# What Will You Be Looking For When C.C.Lake Drops 13ft.?



## Roscoe (Jul 22, 2007)

When C.C.Lake drops 13ft. I'm heading straight to 2 lures I lost 2 years ago.I have my canoe ready to go with a Big magnet,you don't know what you might catch.Also I'll find some Indian artifacts hopefully.And a few fossils to add to my collection.



Roscoe


----------



## imalt (Apr 17, 2008)

I bet you will find all kinds of musky lures. Could offer a buyback program to the original owners. When are they going to start dropping it?


----------



## PatSea (Oct 10, 2004)

Is the marina project scheduled to start soon?


----------



## backlashed (Mar 19, 2011)

My dads Abu Garcia baitcaster and triumph rod. If anyone finds it, you can keep the rod, i just want dads reel back


Posted using Outdoor Hub Campfire


----------



## Kickinbass91 (Oct 6, 2012)

When it drops I'm heading to find all my bass jigs and jerk baits!

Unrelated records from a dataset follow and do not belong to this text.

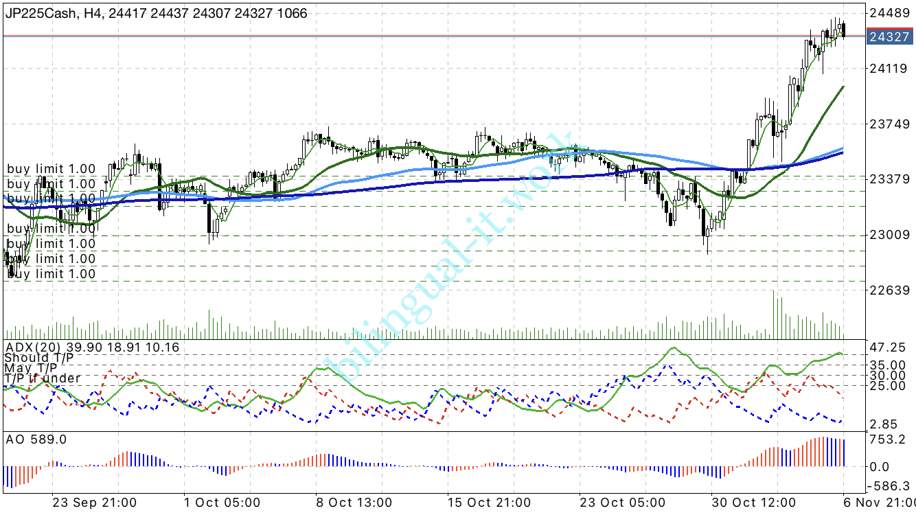 普段のトレンドを考えると、おおよそですが、USDJPYと日経平均株価の動きは連動しており、USDJPYが上がると日経平均株価も上がります。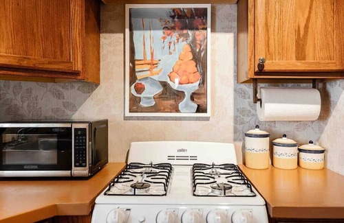 The Golden Suite is located on the first floor in the Retro Retreats, a 4 -family themed apartment building. Located a block away from bars, restaurants, coffee and more, you have everything you need for your getaway.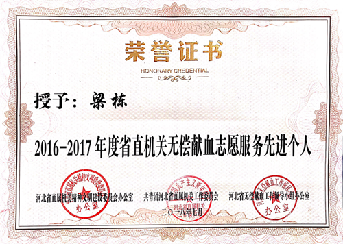 梁棟同志被授予2016-2017年度省直機(jī)關(guān)無(wú)償獻(xiàn)血志愿服務(wù)先進(jìn)個(gè)人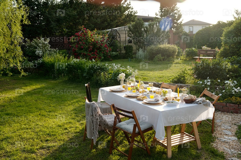 Настроение стола на открытом воздухе, ожидающее гостей во время летнего садового сбора

And maybe find a few bonuses!


Posted using Outdoor Hub Campfire


----------



## Rob (Mar 31, 2005)

Soma 56, the Muskie guys have a 2 day outing at cc October 5-6. This drawdown will kill the outing, please let me know if you have any info on the drawdown! 

Thanks , Rob


----------



## IGbullshark (Aug 10, 2012)

rod and reel combo i lost a few weeks back. plus fossils, i huge trilobite would be nice


----------



## catmando (Aug 21, 2006)

We were told at the duck blind draw that the project is on hold and may not happen this winter.

Sent from my SPH-D710 using Ohub Campfire mobile app


----------



## RickH (Jul 30, 2011)

catmando said:


> We were told at the duck blind draw that the project is on hold and may not happen this winter.
> 
> Sent from my SPH-D710 using Ohub Campfire mobile app


That would not bother me one bit. Just cancel the whole deal!:dance:


----------



## Roscoe (Jul 22, 2007)

I don't know when they will drop the lake.Maybe they will wait until they take the docks out.Hopefully !Google up Ceasar Creek Marina and you can get the latest updates.



Roscoe


----------



## catmando (Aug 21, 2006)

13 foot drop will make all the docks unusable.

Sent from my SPH-D710 using Ohub Campfire mobile app


----------



## Ol'Bassman (Sep 9, 2008)

I don't think the state has a private partner to manage the marina on their terms. There would have been an announcement to that effect in the news media had they found one. It is political. If you look around the state lakes where others have partnered in marinas on the states terms, you don't see very profitable enterprises. I'm of the "I'll believe it when I see it!" mentality. Have they even gotten a contractor under contract? Last I heard they had someone doing engineering drawings and site surveys. Has it been put out for construction bids? Someone out there in the construction business give us an update please. 

You really don't need docks or for that matter a ramp to launch your boat. I do it by myself and my boat is a 17' fiberglass Bayliner. I think it all boils down to how determined you are to fish a lake, river or stream. Where there is a will, there is generally a way.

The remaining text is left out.